Upon my return to Alaska, I found its roller coaster economy at the bottom and moved to San Francisco to find employment. I found work in Berkeley, writing graphics workstation drivers and developing a user interface for a CAD system. I loved living in "the Bay Area", with its European flavor: great public transportation, lots of ethnic foods, Victorian style houses. After a few desert backpacking trips and travel through national parks and monuments in the southwest, I drove the 4000 miles (6500 km) back to Alaska. Since my return, I have been teaching computer science at the University of Alaska Anchorage, and spending summers backpacking and collecting fossil and mineral specimens. Foreign travels included more trips back to Europe (Scandinavia and Germany), and cave exploring in Poland, Czechoslovakia, and Sweden. Domestic travels were numerous trips to Hawaii and California, with a couple of visits to the Gem and Mineral Show in Tucson, Arizona.
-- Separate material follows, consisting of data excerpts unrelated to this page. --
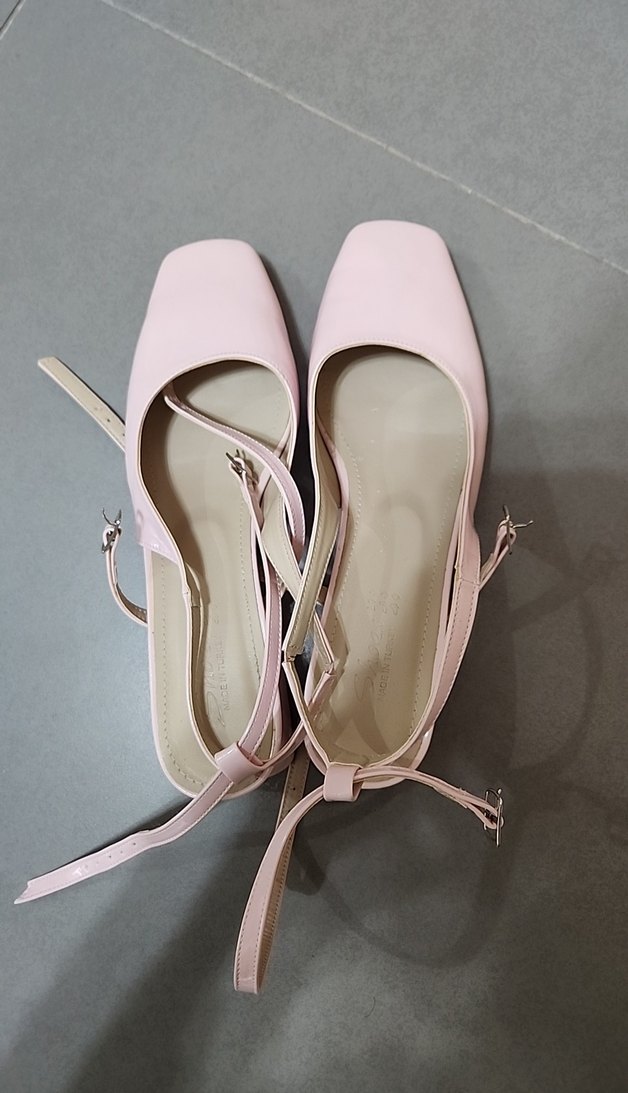 Pembe pastel renkte, tokalı kayışlı kadın babetler. Minimalist ve normcore tarzda, günlük kullanıma uygun, stiletto topuklu ve kauçuk malzemeden.39 numaradır.
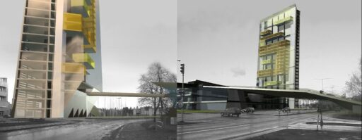 Event Estate och Sollentuna kommun genomförde mellan november 2001 och januari 2002 en inbjuden tävling om ett 100 meter högt hus bredvid Sollentunamässan.
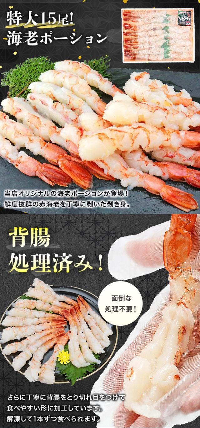 えび 刺身 特大 15尾 ポーション しゃぶしゃぶ用 エビ 海老 刺身用 赤海老 ギフト むきえび お刺身 生食 母の日 ギフト プレゼント
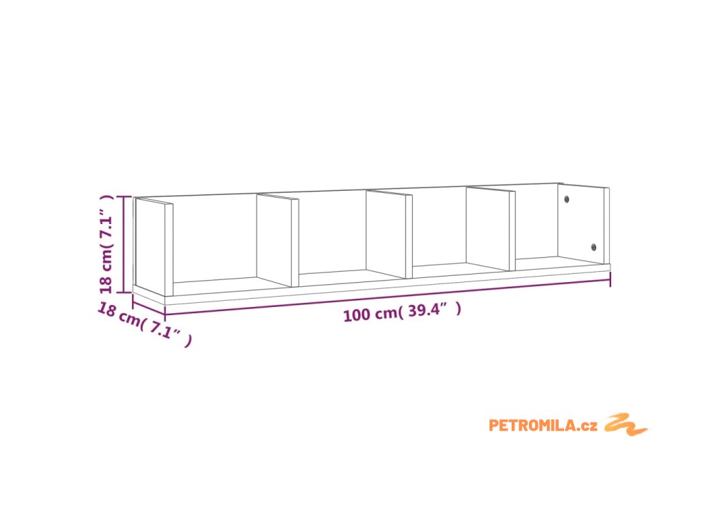 - Rozměry: 100 x 18 x 18 cm (Š x H x V)
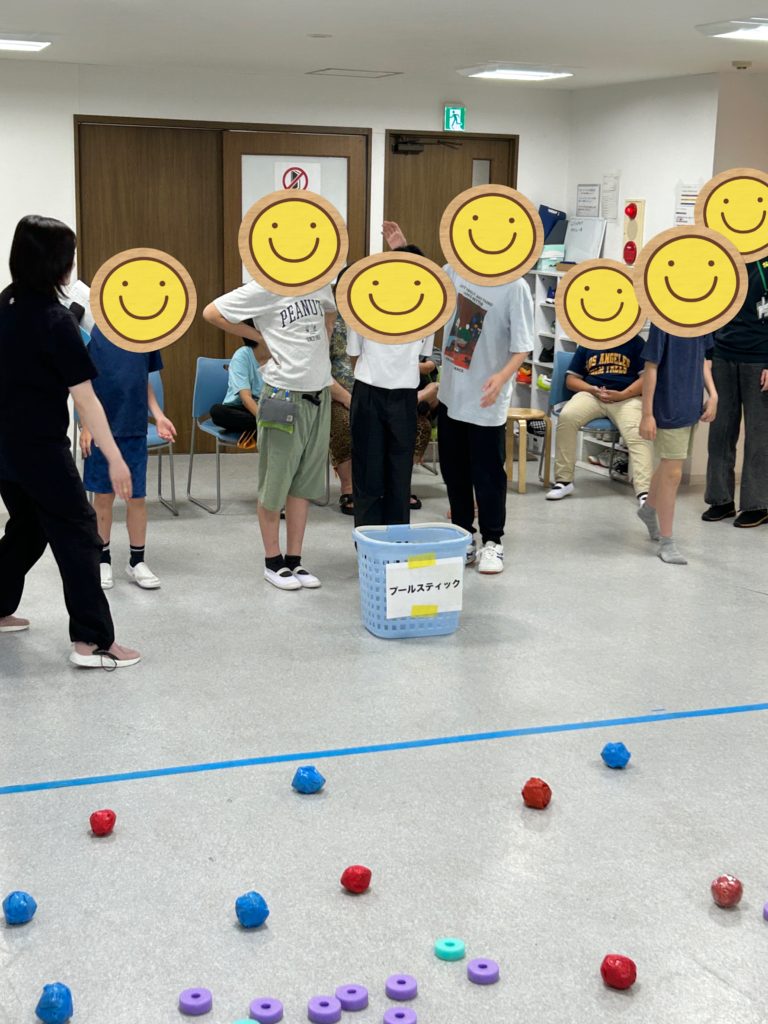 まずは赤玉、青玉、プールスティックの3つです。グループごと制限時間内に指定されたカゴ🧺にお片付けをしていきます。たくさん散らばっているので、分担をしてお片付けをしているグループもありました🧐

I started my side business, the Department of Redundancy Department, in the spring of 1997, after having played around with fractal designs for a decade. Although heavy teaching schedules in computer science allow me essentially no free time from late August to early May, my summers are completely open. That means lots of time for exploring in mountain regions like the Chugach, the Talkeetnas, the Wrangells, the Alaska Range, and the Brooks Range. I also tutor calculus and statistics, sell some cut and polished mineral specimens, and occasionally have a photograph or two published (Alaska Geographic, Alaska Magazine, Alaska Weather Calendar, Anchorage Times, and Summit Magazine). Hobbies include backpacking, rockhounding, spelunking, paleontology, stereo photography, computer programming and graphics. Recently, I have combined the interests of wildflowers and automaton theory by writing programs to simulate plant growth using Lindenmayer systems.